Meditation And Napping: Exploring The Connection

why do I start napping when I do meditation

Meditation is a great way to relax, de-stress, and let go. However, it can sometimes be so effective at helping you find a state of calm that it puts you to sleep.

If you're a more experienced meditator, you've likely found yourself in this position.
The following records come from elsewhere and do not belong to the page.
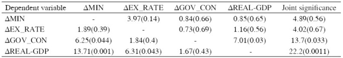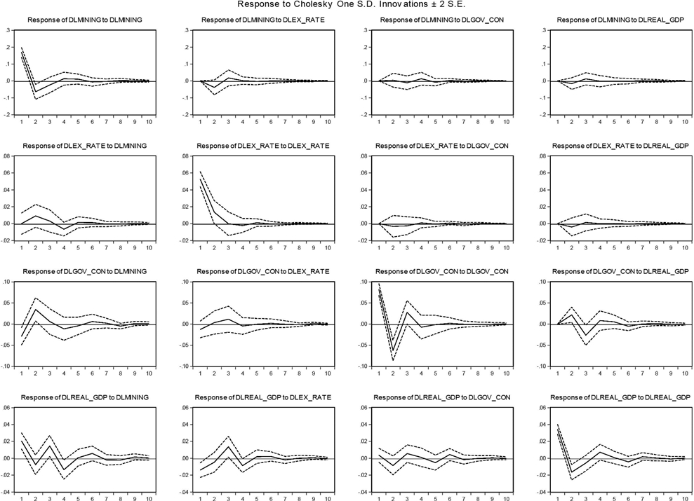 Johansen cointegration test consisting of trace and maximum-eigenvalue statistical tests was used to examine cointegrating relationship for economic growth, government consumption, exchange rate and mining. The results from both tests show that there is no cointegrating relationship among variables (Table 3). The absence of cointegration enables us to use vector autoregressive approach to investigate impulse response function, variance decomposition and granger causality relationship among variables.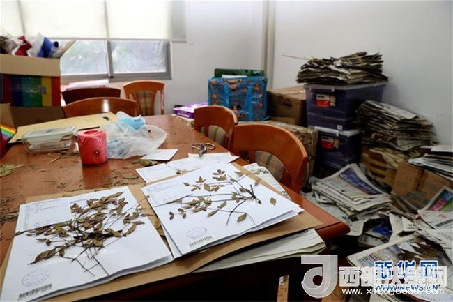 在復旦大學鐘揚的工作間里,大量報紙中夾存著他和團隊從各地采集的待整理植物標本(2018年1月24日攝)。新華社記者 劉穎 攝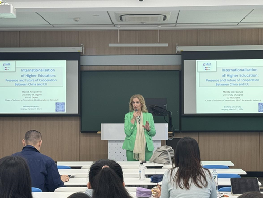3月28日,KY开元集团官网举办“海外名家系列讲座”第六场活动,邀请克罗地亚萨格勒布大学教授、欧洲大学联盟博士教育中心主席梅丽塔·科瓦耶维奇在主楼103教室为学院师生开展题为《高等教育国际化:中欧合作的现状与未来》的报告。讲座由学院张超老师主持,关孔文老师作总结。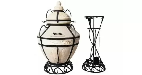 Переносной тандыр "Аладдин" является настоящим произведением кулинарного искусства. Изготовленный из светлой термостойкой шамотной глины и выполненный в форме амфоры, этот тандыр оптимально распределяет тепло, позволяя пище равномерно прогреваться. Блюда сохраняют свою сочность и полезные свойства, а толстые стенки тандыра обеспечивают долгое удержание тепла. Благодаря данному устройству можно эффективно готовить несколько блюд одновременно. Широкая горловина делает его идеальным для выпекания лепешек и размещения объемного казана, а вертикальная загрузка позволяет без труда запекать шашлыки и бараньи ноги.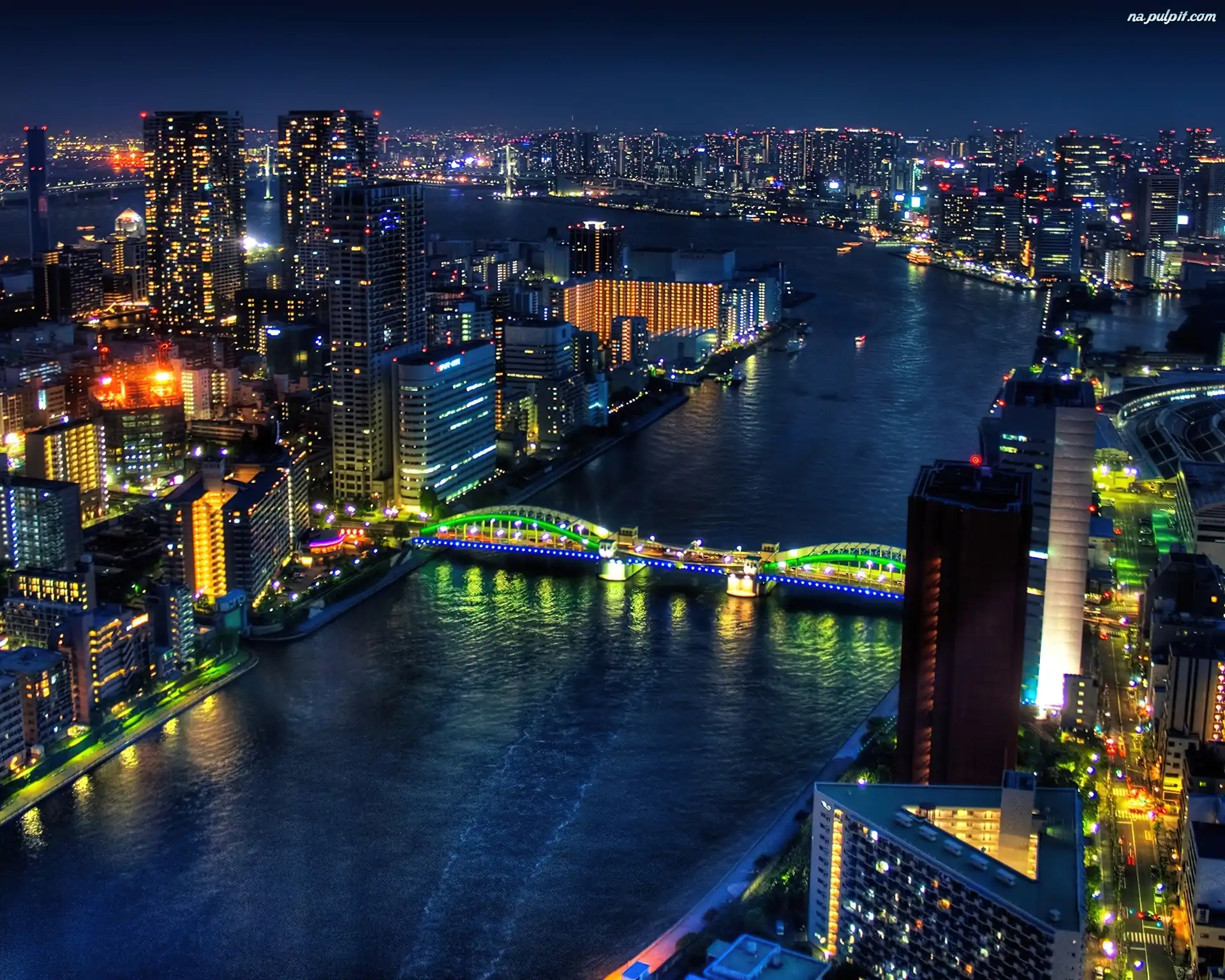 Rzeka, Noc, Miasto, Tokio, Most
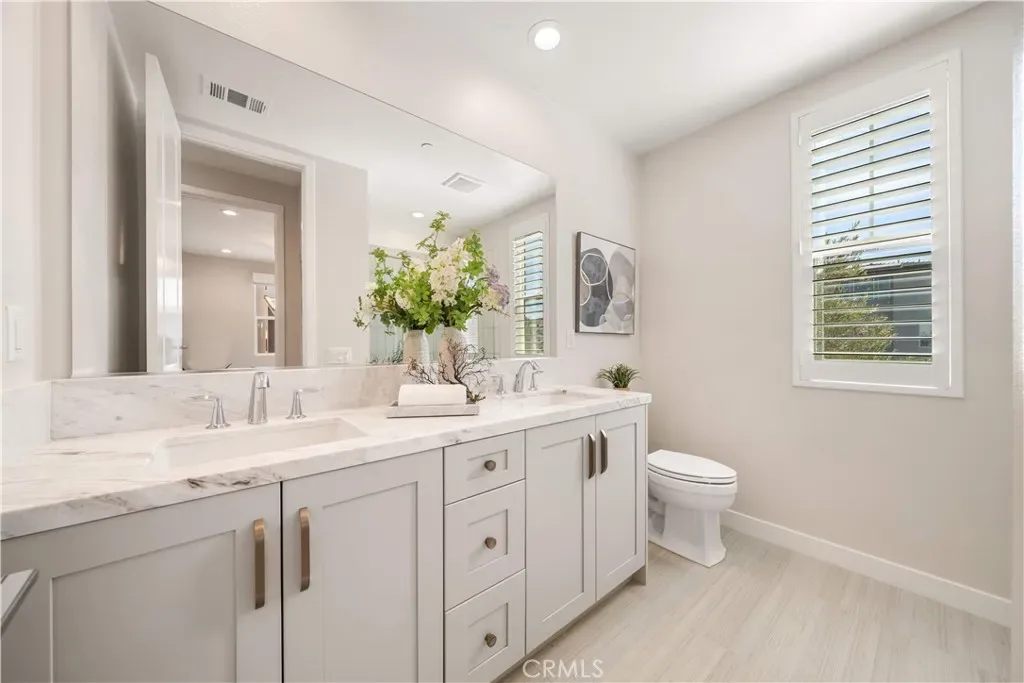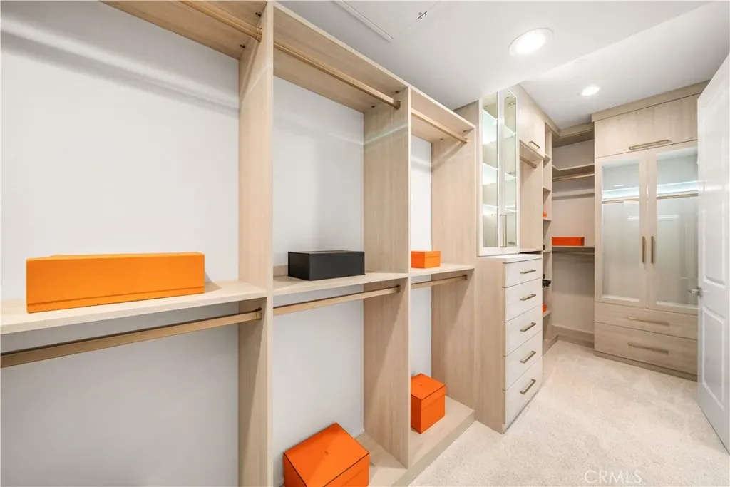 Upstairs, four well-appointed bedrooms provide comfort and privacy. The primary suite enjoys park views and includes a dedicated space for a vanity or sitting area. The spa-inspired primary bathroom features dual vanities, designer finishes, a walk-in shower, and a beautifully upgraded walk-in closet with built-ins, drawers, and integrated lighting. The secondary bedrooms are generously sized and thoughtfully laid out.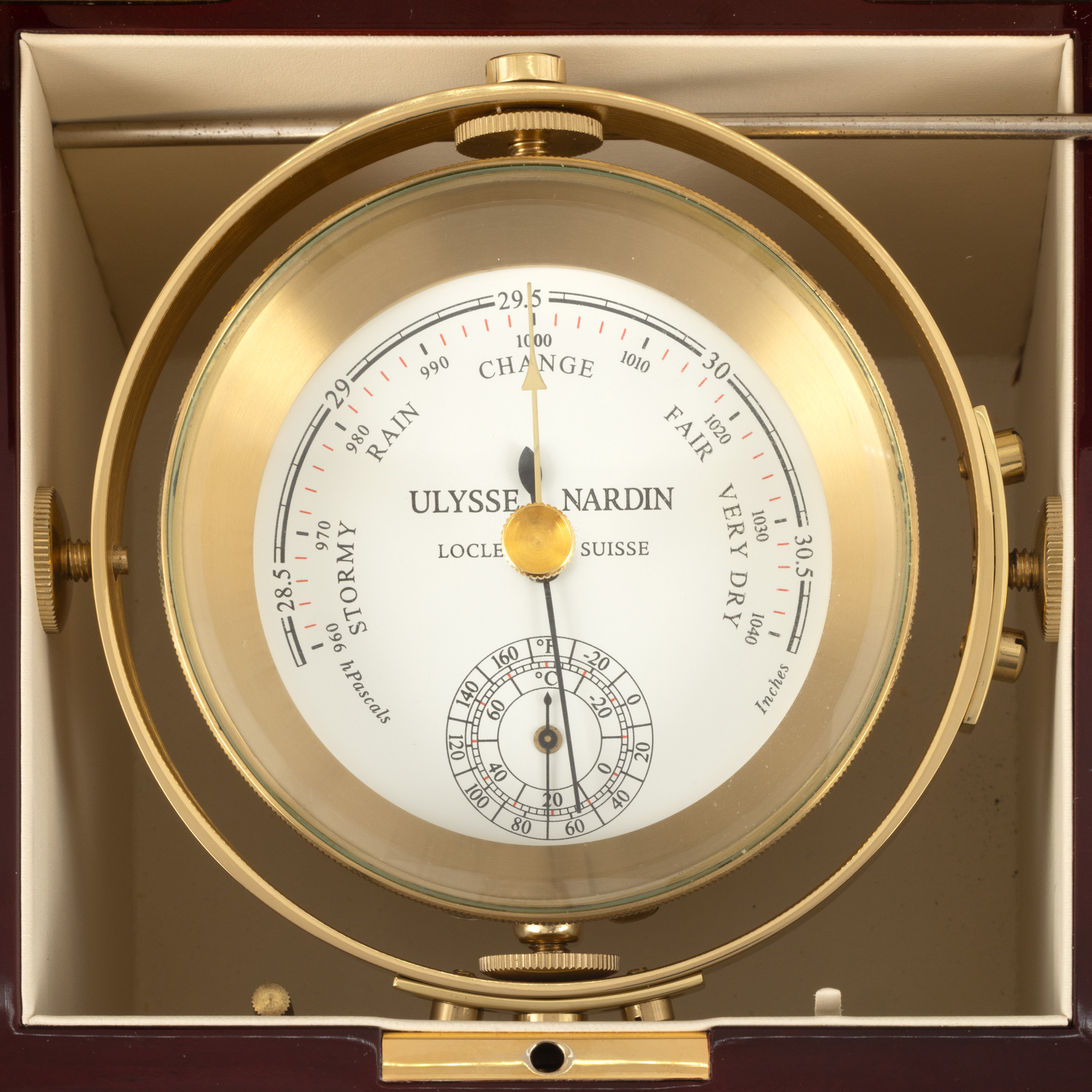 8. Pachet aniversar Ulysse Nardin compus din ceas Maxi Marine Chronometre din aur și barometru, ediție limitată No. 123/160, însoțite de cutia originală, carte de certificare a chronometrului, card de garanție, manual de instrucțiuni și broșură [2006]

So, how do you stay Zen and awake at the same time?

The science behind meditation and sleep suggests that meditation is a state of consciousness distinct from sleep and alertness while having characteristics of both. When you meditate, you play on the edge between focus and relaxation, wakefulness and sleep. If you practice often enough, it's likely that you'll drift a little too far in the sleep direction now and then.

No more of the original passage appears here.